# [Input for this task]

════════

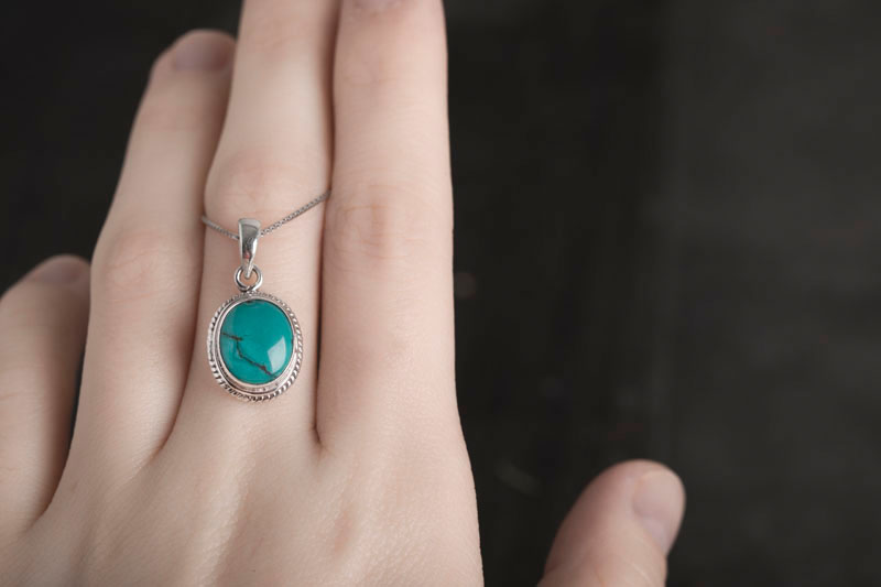 印度尼泊爾手工925銀飾品綠松石吊墜 女男款項墜創意復古民族風
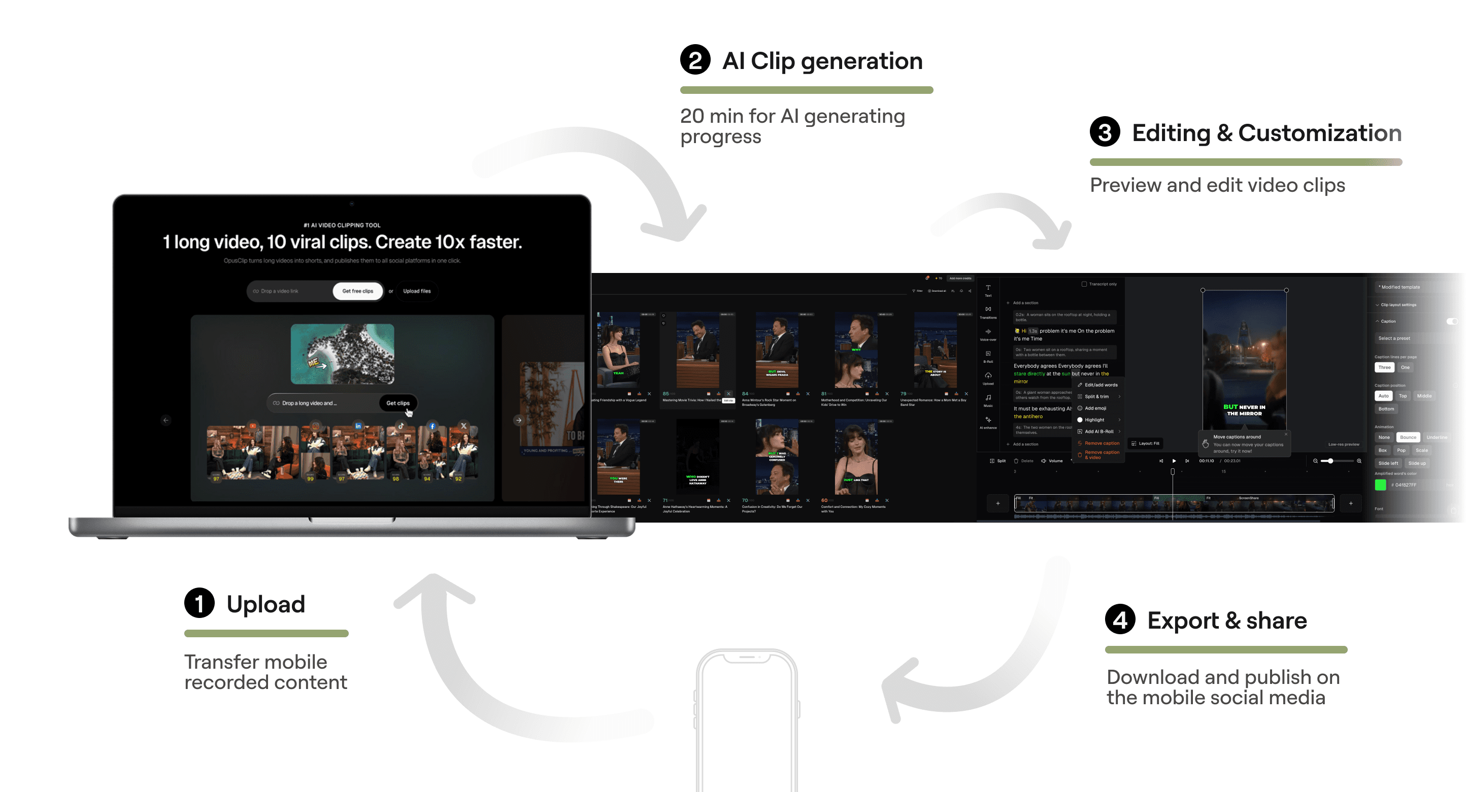 + Eliminates the need to transfer mobile-recorded content to a web platform. + No need to wait 20 minutes-monitor AI progress, preview clips, and publish directly on mobile without returning to desktop.
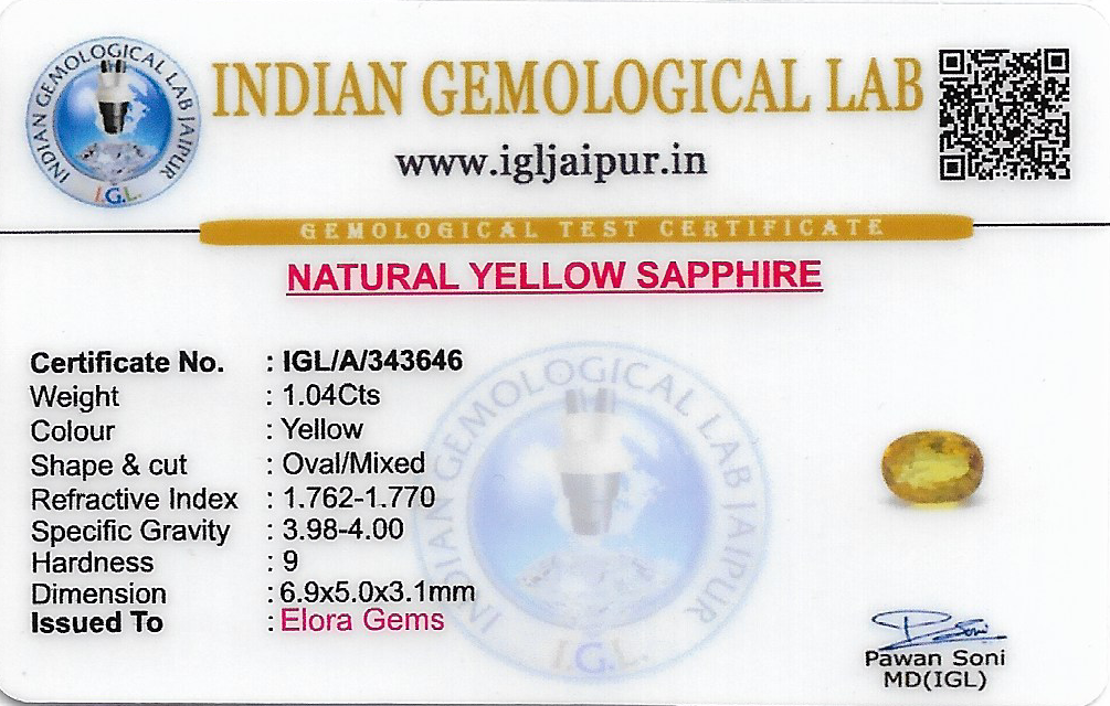 Natural Yellow Sapphire (Pushparag) weighing 1.04 carats In Oval from Thailand
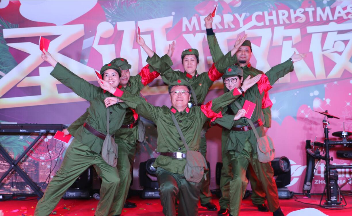 ? ? 此次圣誕嘉年華活動共分兩個部分,第一部分是由員工自導(dǎo)自演、精彩紛呈的圣誕晚會,歌曲、小品、相聲等節(jié)目輪番上演,將現(xiàn)場氣氛帶進一個又一個高潮。其中由中航裝飾老、中、青幾代人共同演繹的節(jié)目《年代秀》給觀眾留下了深刻的印象,大家在享受歡樂美好時光的同時沒有忘記,是中航裝飾幾代人前赴后繼、努力工作才有中航裝飾今天的成就。精彩的演出結(jié)束后,豐盛的自助晚宴拉開序幕,大家歡聚一堂,品嘗精心準(zhǔn)備的包括中餐、燒烤、特色菜肴、西式甜點等豐富多樣的美味佳肴,大家歡聲笑語,舉杯暢飲,更有即興點唱環(huán)節(jié),讓所有人都融入到了這個圣誕歡快的氛圍中。
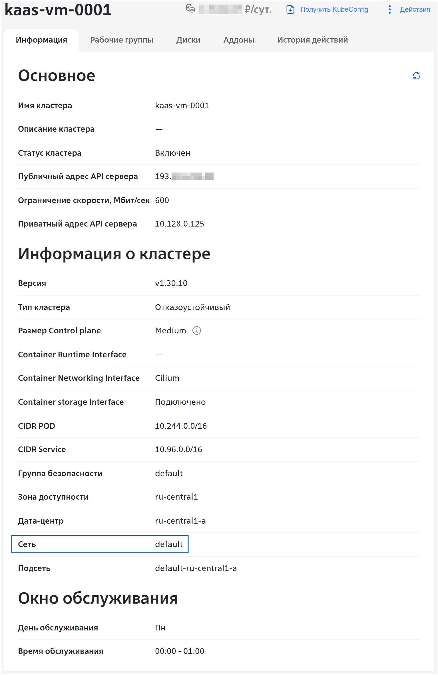 Действия с рабочей группой Kubernetes as a Service
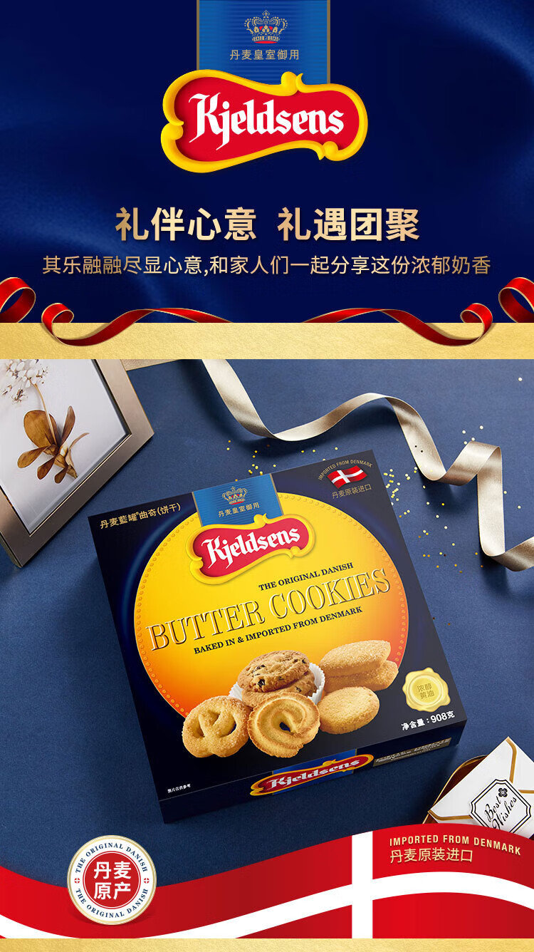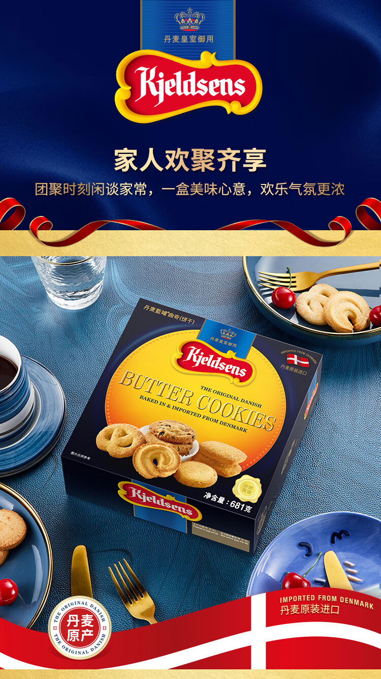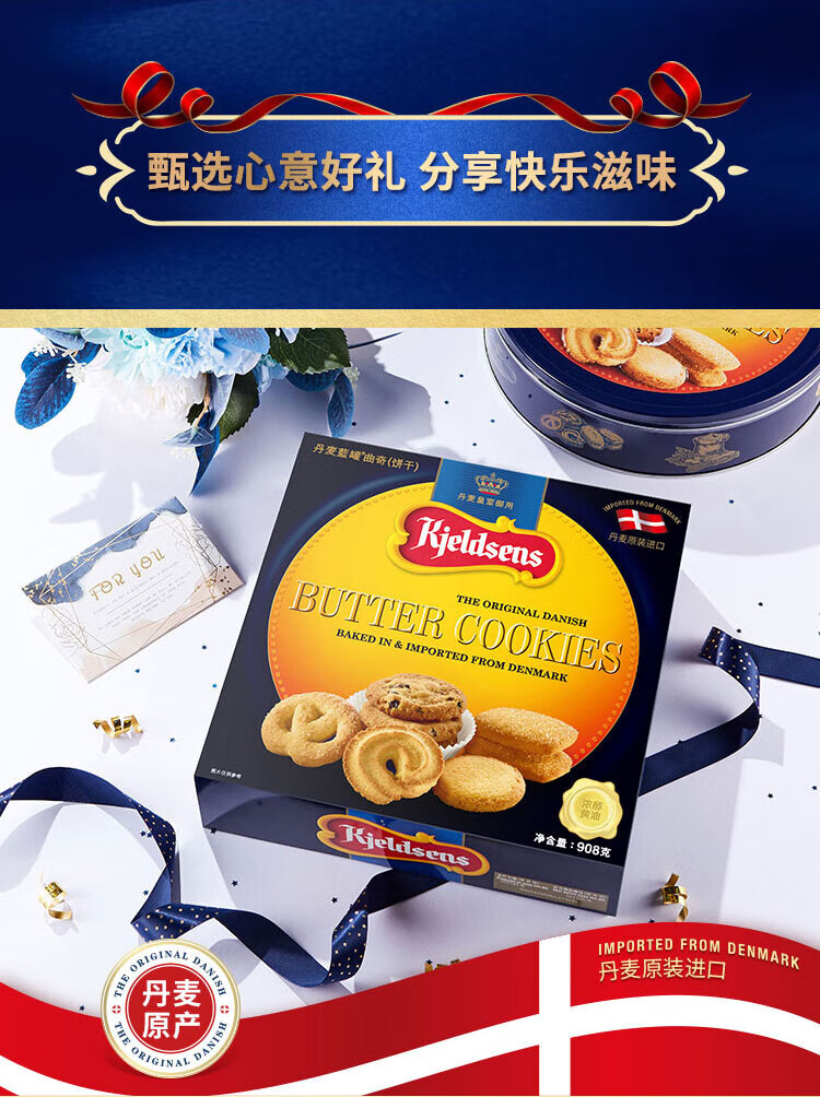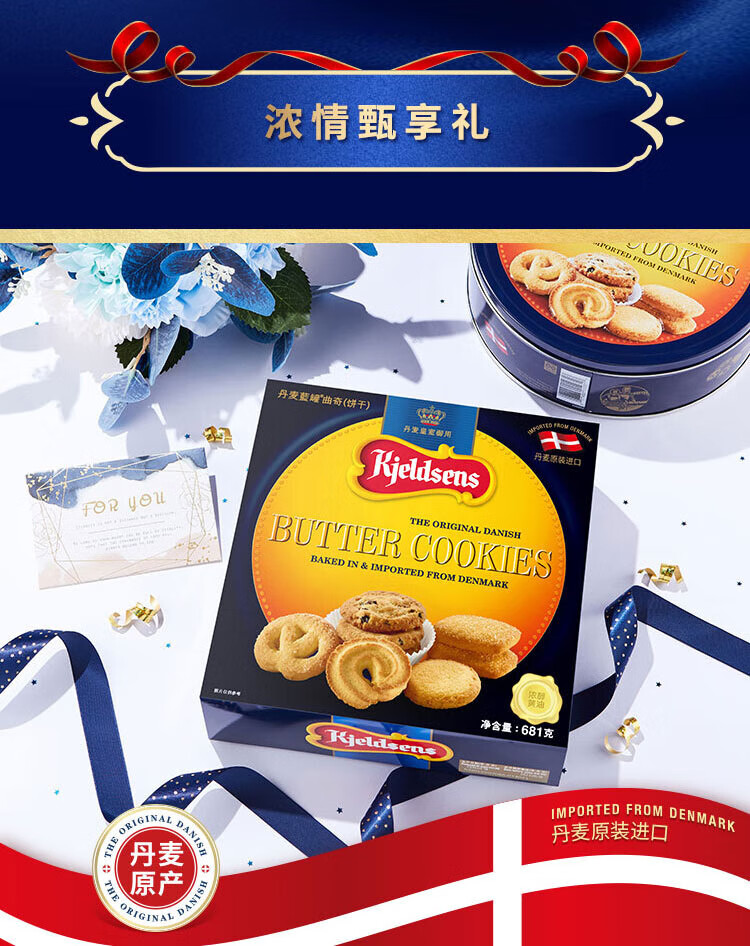 Dänische blaue Dose (Kjeldsens) importierte Butterkekse, Snacks, Nachmittagstee-Snacks, Gruppenkauf-Geschenkbox, Geschenkbox 681 g (Geschenktüte)
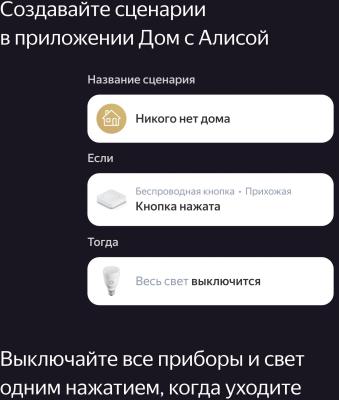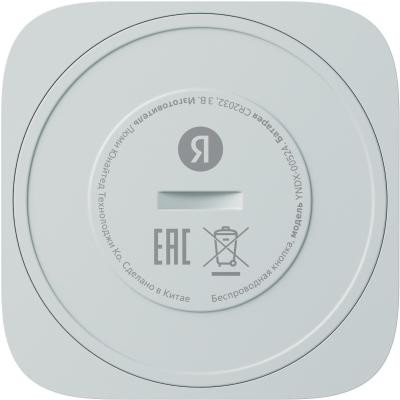Яндекс YNDX-00524 в компактном белом корпусе идет в комплекте со стикером для монтажа на любую поверхность. Устройство работает от батарейки CR2032 с напряжением 3 В. Кнопка подходит для установки в помещении или на улице, сохраняет работоспособность при температуре от -10 °C до +55 °C и влажности в пределах 5-95%.
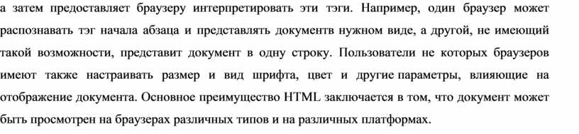 Большинство документов имеют стандартные элементы, например, такие, как заголовки, параграфы или списки. Используя тэги (команды) НТМL, можно обозначать данные элементы, обеспечивая браузеры информацией для их отображения, сохраняя в целом общую структуру и информационную полноту документов. В большинстве случаев (например, при использовании различных текстовых редакторов) автор строго определяет внешний вид документа. В случае HTML (основываясь на возможностях браузера) можно в определенной степени управлять внешним видом (но не его содержимым). НТМL позволяет отметить, где в документе должен быть заголовок или абзац, при помощи тэгов НТМL, а затем предоставляет браузеру интерпретировать эти тэги. Например, один браузер может распознавать тэг начала абзаца и представлять документ в нужном виде, а другой, не имеющий такой возможности, представит документ в одну строку. Пользователи не которых браузеров имеют также настраивать размер и вид шрифта, цвет и другие параметры, влияющие на отображение документа. Основное преимущество НТМL заключается в том, что документ может быть просмотрен на браузерах различных типов и на различных платформах.
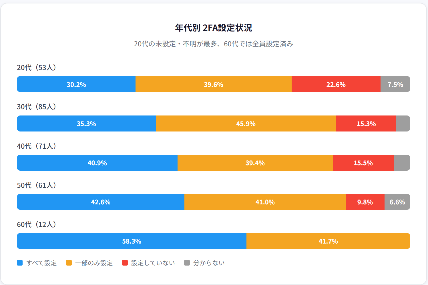 これに対し、60代の層では全員が何らかの形で2FAを設定しており、慎重な運用姿勢が際立っています。

════════

# [Task to complete]
Look above for the line containing "Действия с рабочей", then copy exactly from it through the line containing "Яндекс YNDX-00524 в", keeping both and leaving out pictures. Add nothing else.

# [Reply to the task]
 Действия с рабочей группой Kubernetes as a Service
 Dänische blaue Dose (Kjeldsens) importierte Butterkekse, Snacks, Nachmittagstee-Snacks, Gruppenkauf-Geschenkbox, Geschenkbox 681 g (Geschenktüte)
Яндекс YNDX-00524 в компактном белом корпусе идет в комплекте со стикером для монтажа на любую поверхность. Устройство работает от батарейки CR2032 с напряжением 3 В. Кнопка подходит для установки в помещении или на улице, сохраняет работоспособность при температуре от -10 °C до +55 °C и влажности в пределах 5-95%.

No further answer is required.